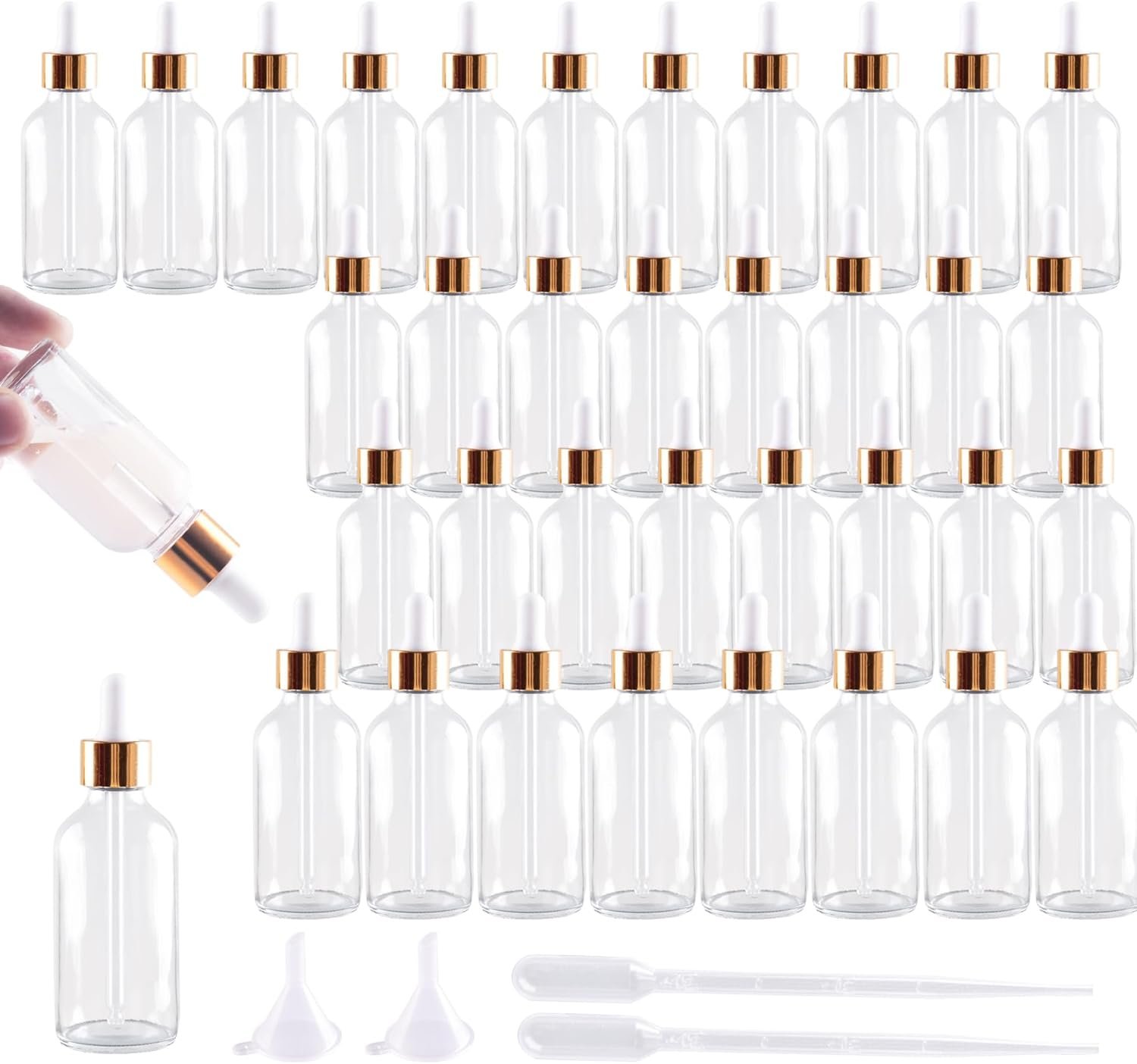 36 Pack 2oz Clear Glass Dropper Bottles, 60ml Glass Eye Dropper Bottles for Essential Oils, Perfumes, Laboratory Use (Gold & dropper, 2oz-36Pack)
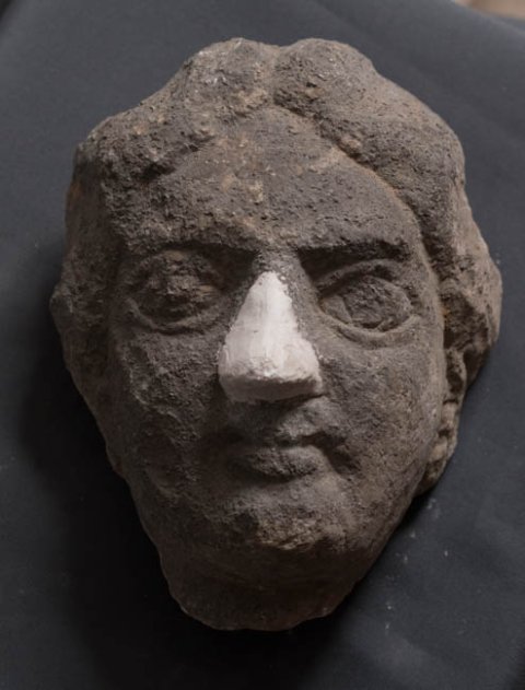 - rundum abgebr., Rückseite abgeschlagen, Nase ergänzt
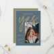Une carte moderne Save the Date avec une palette de couleurs unique avec gris et vert olive, avec grand script de calligraphie audacieux pour Oui et votre image de choix. Toutes les couleurs de cette photo Enregistrer la date Modèle peuvent être changées! Une invitation unique mais abordable Save the Date pour les couples modernes.
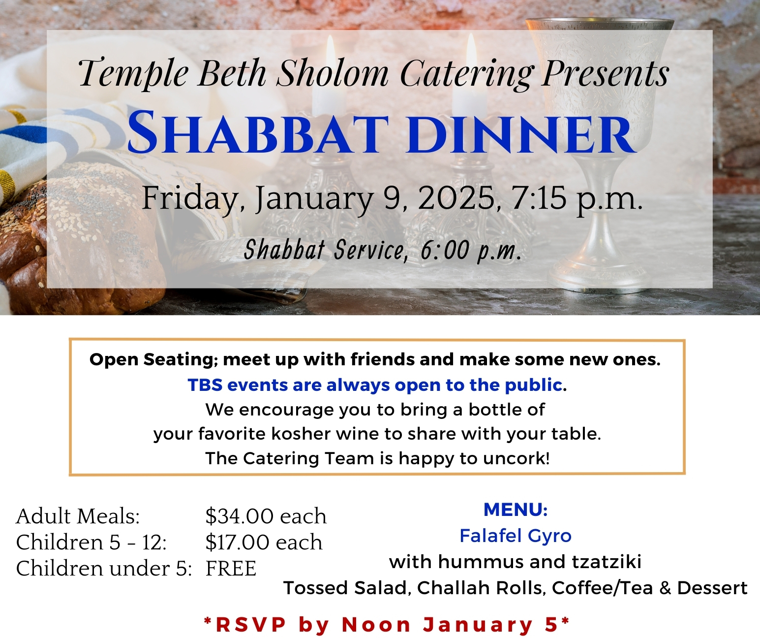 Kosher Shabbat Dinner catered by TBS's Catering Team . (Click here to view the flyer with full menu)
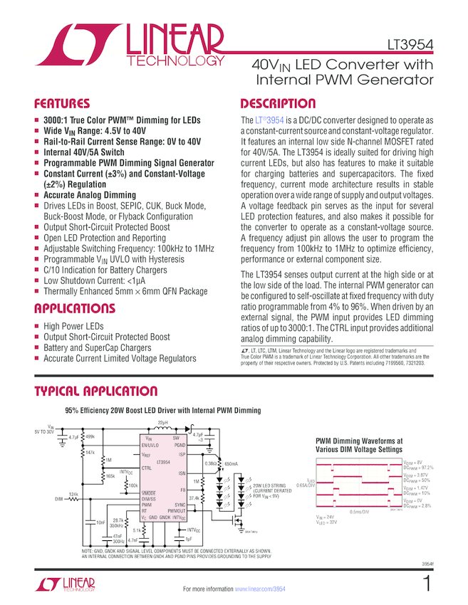 LT3954 40Vin LED Converter with Internal PWM Generator
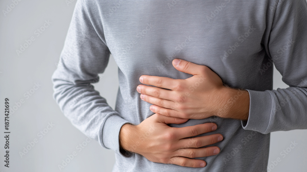 Fototapeta na wymiar - Man holding his stomach in pain, symbolizing abdominal discomfort, illness, and digestive health issues. .
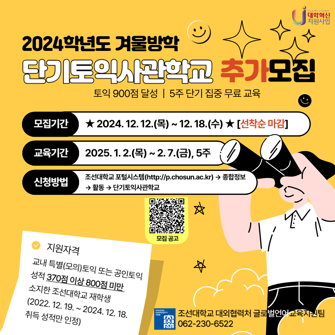 □ 모집기간: ★ 2024. 12. 12.(목) ~ 12. 18.(수) ★ [선착순 마감]
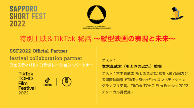 「最近は個人でも動画を簡単に撮影して映像をアップするSNS動画に注目が集まり、世界中の大勢の人が映像表現をすることが当たり前のようになっています。ショートフィルムは30分以内の映像であればジャンルを問わず世界中から応募され、最近では縦型動画の応募も目立ってきました。インターネットで映画を見る時代でもあり、時短時代の映像のあり方や鑑賞方法なども、ますます多様化してきています。そのような中で札幌国際短編映画祭は、縦型の映画制作をきっかけにこれからの映像・映画業界の可能性を支援していくプロジェクトであるTikTok TOHO Film Festivalとのコラボレーション企画を実施する事に決定致しました。映画祭開催期間中(10/10 15:30〜17:00)受賞作品の上映と、第75回カンヌ国際映画祭「#TikTokShortFilm コンペティション」グランプリ受賞:本木真武太(もときまぶた)監督をゲストに迎え、グランプリ受賞作品「Kitte kitte iino?(木って切っていいの?)」を上映すると共に、TikTokにおける縦型映画の撮影に関する秘話を語っていただきます。
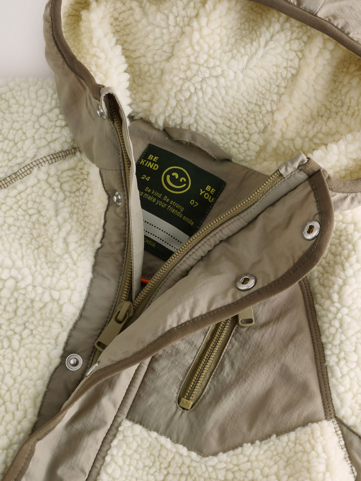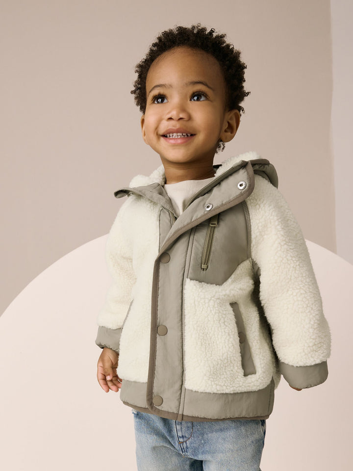 Khaki/Cream Colourblock Borg Jacket (3mths-7yrs)
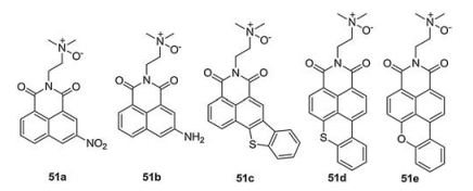 Ⅰ had inappropriate central nervous system (CNS) toxicity and Ⅱ had myelosuppression, vomiting, and erythra side effects, which hampered further studies. The cationic tertiary amine side chains on these agents played an important role on electrostatic binding affinity with DNA, which also ensured good uptake into cells, then interfered with the topoisomerase function to inhibit the tumors. In order to lower the toxicity and improve extravascular drug transport properties, the oxidized tertiary amine was introduced into the naphthalimide backbone to form a prodrug lead instead of original amino side chain. When the compounds were introduced into hypoxic cells, the tertiary amine N-oxides could be bioreduced to the corresponding tertiary amine and showed the high bioactivity of the amine. Of course, this process could be inhibited by oxygen. So, we designed, synthesized, and evaluated a series of novel potential anticancer agents as prodrug leads against hypoxic solid tumor [87].
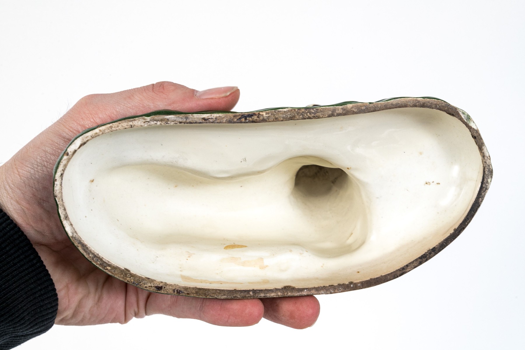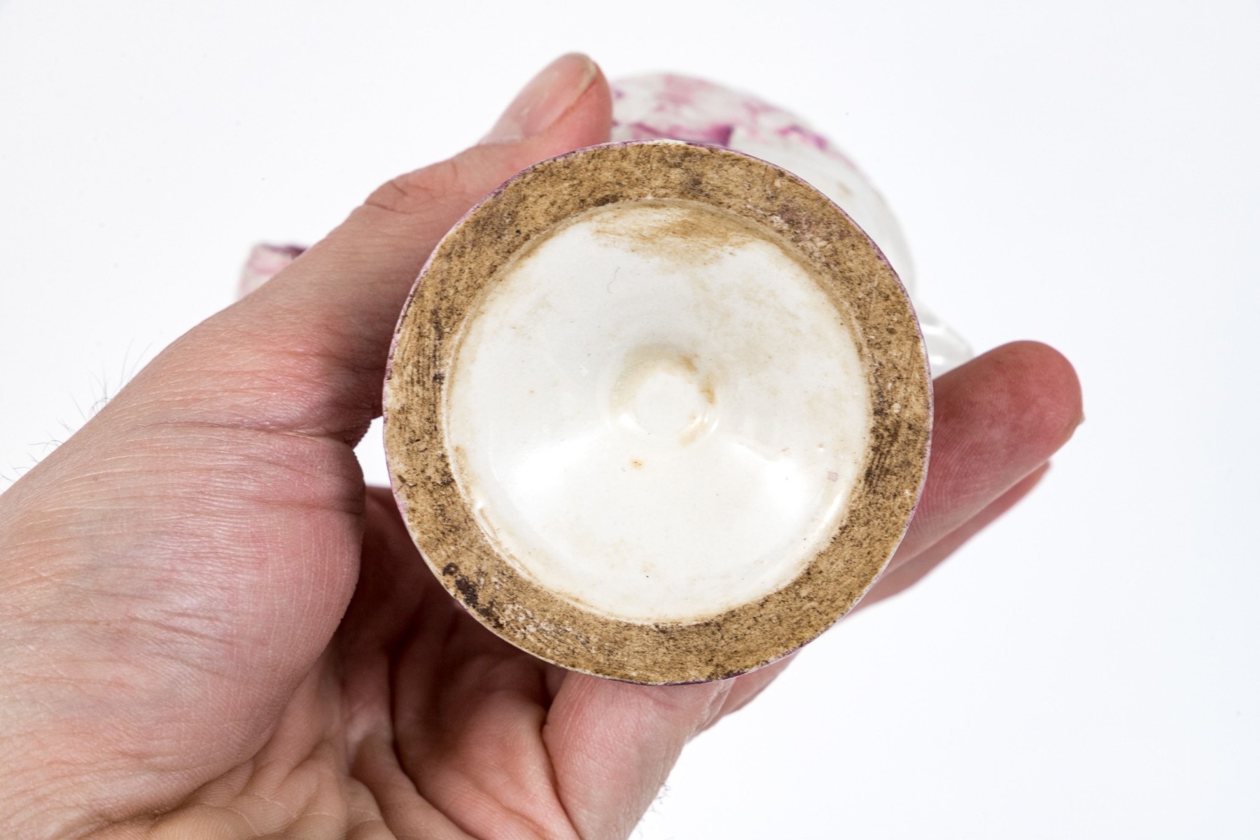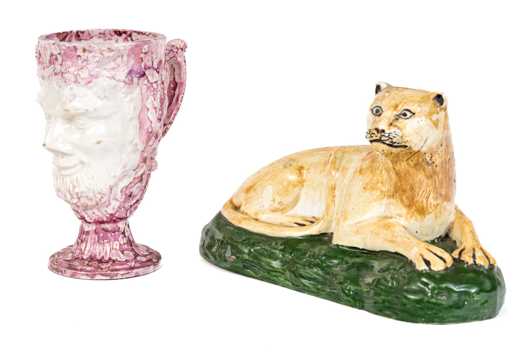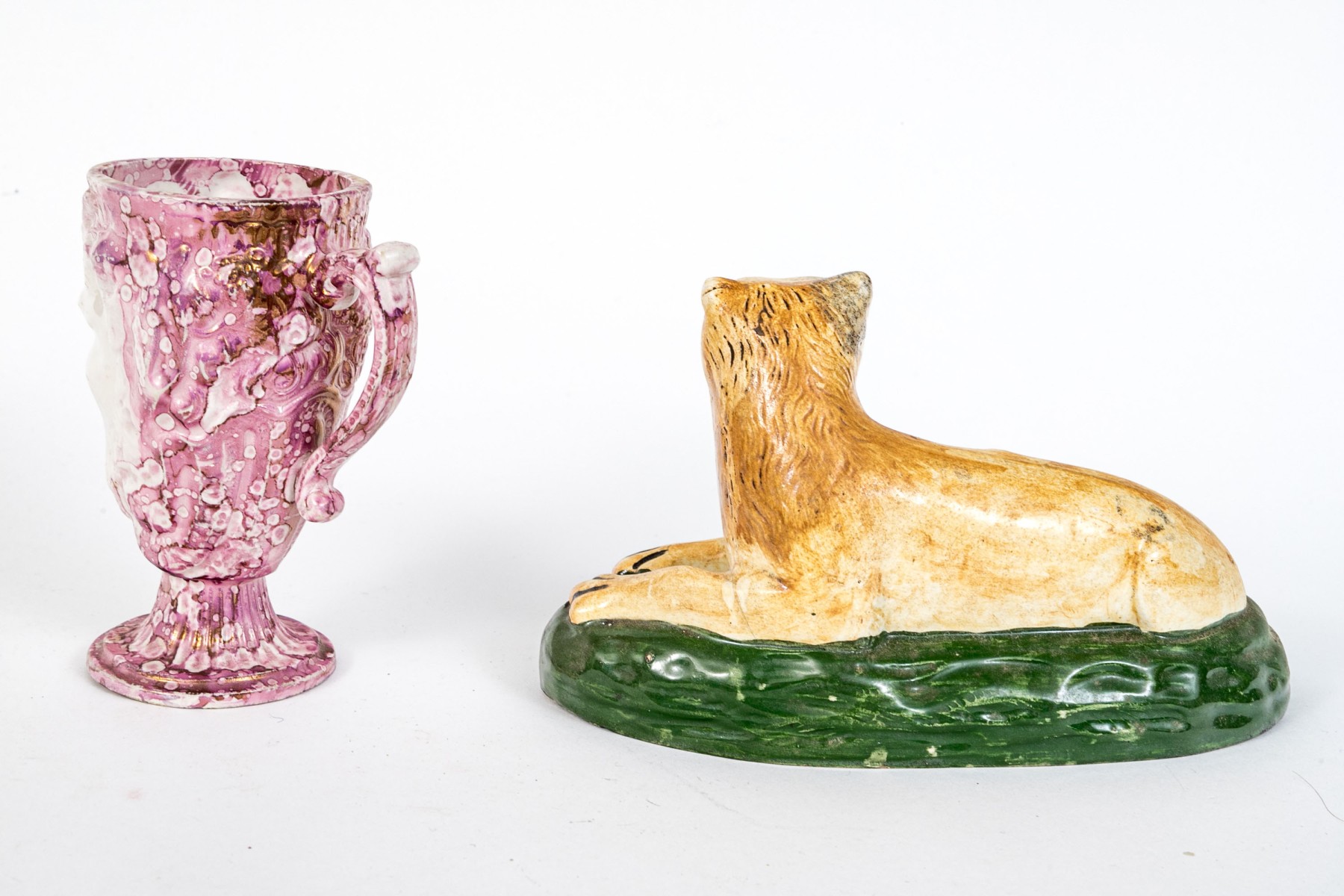 Together with a footed goblet with handle. The hand painted and moulded goblet has a human face to the front with nose that projects outward and well delineated beard. There is a moulded frog inside the cup that appears to be attempting to jump upwards. The cup is painted with a rouge and gilt finish.
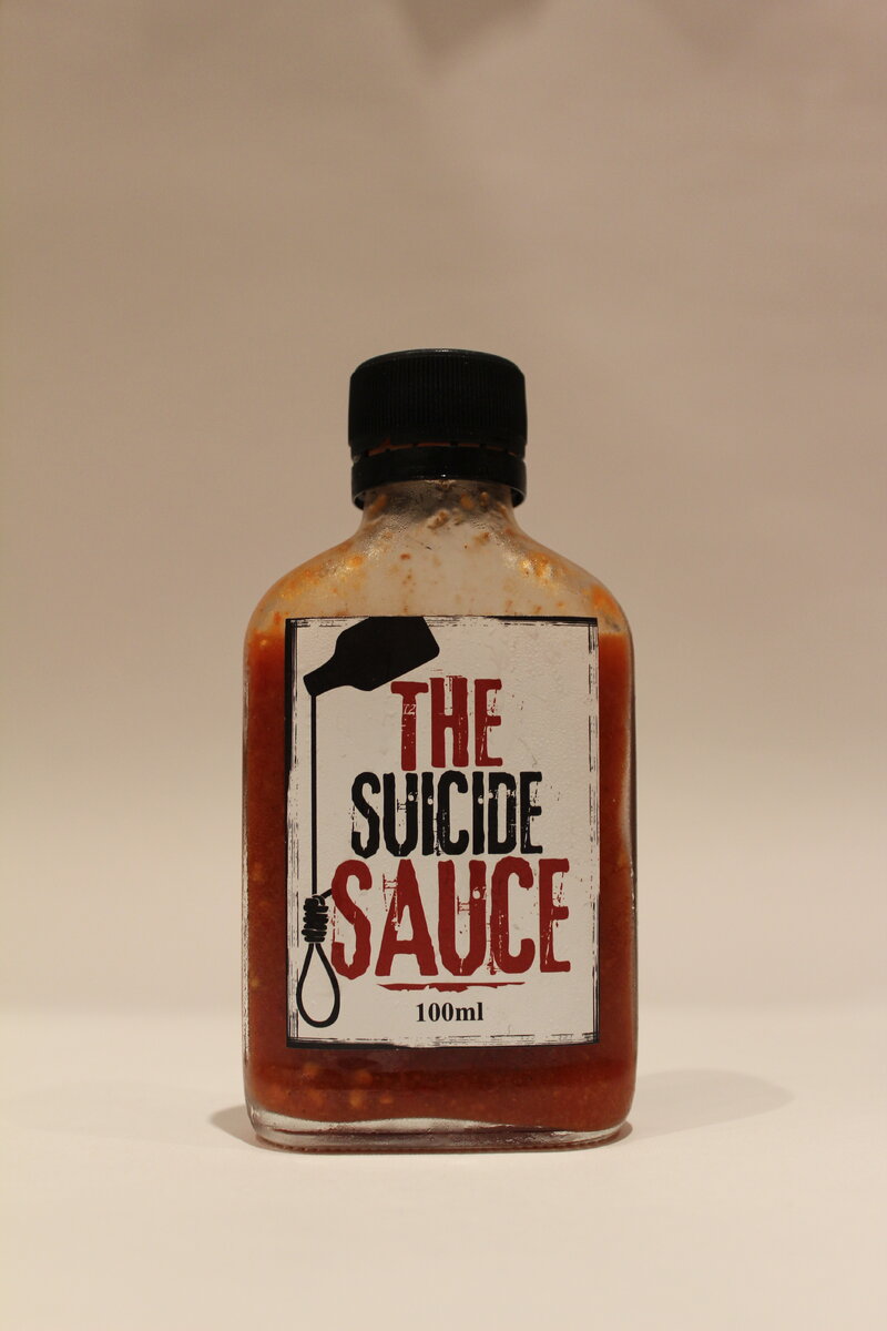 Состав: вода, уксус, перец Каролина Рипер, соль, сок лайма, перец Тринидадский Скорпион, Нага Джолокия, Хабанеро
◇ ◇ ◇
§ **PROBLEM**:
Only one part of the listing is wanted: the lines from the one containing "Kosher Shabbat Dinner" through the one containing "Khaki/Cream Colourblock Borg", both included. Please transcribe it exactly, leaving out the pictures.

§ **TASK RESULT**:
 Kosher Shabbat Dinner catered by TBS's Catering Team . (Click here to view the flyer with full menu)
 LT3954 40Vin LED Converter with Internal PWM Generator
 Fototapeta na wymiar - Man holding his stomach in pain, symbolizing abdominal discomfort, illness, and digestive health issues. .
 □ 모집기간: ★ 2024. 12. 12.(목) ~ 12. 18.(수) ★ [선착순 마감]
 「最近は個人でも動画を簡単に撮影して映像をアップするSNS動画に注目が集まり、世界中の大勢の人が映像表現をすることが当たり前のようになっています。ショートフィルムは30分以内の映像であればジャンルを問わず世界中から応募され、最近では縦型動画の応募も目立ってきました。インターネットで映画を見る時代でもあり、時短時代の映像のあり方や鑑賞方法なども、ますます多様化してきています。そのような中で札幌国際短編映画祭は、縦型の映画制作をきっかけにこれからの映像・映画業界の可能性を支援していくプロジェクトであるTikTok TOHO Film Festivalとのコラボレーション企画を実施する事に決定致しました。映画祭開催期間中(10/10 15:30〜17:00)受賞作品の上映と、第75回カンヌ国際映画祭「#TikTokShortFilm コンペティション」グランプリ受賞:本木真武太(もときまぶた)監督をゲストに迎え、グランプリ受賞作品「Kitte kitte iino?(木って切っていいの?)」を上映すると共に、TikTokにおける縦型映画の撮影に関する秘話を語っていただきます。
 Khaki/Cream Colourblock Borg Jacket (3mths-7yrs)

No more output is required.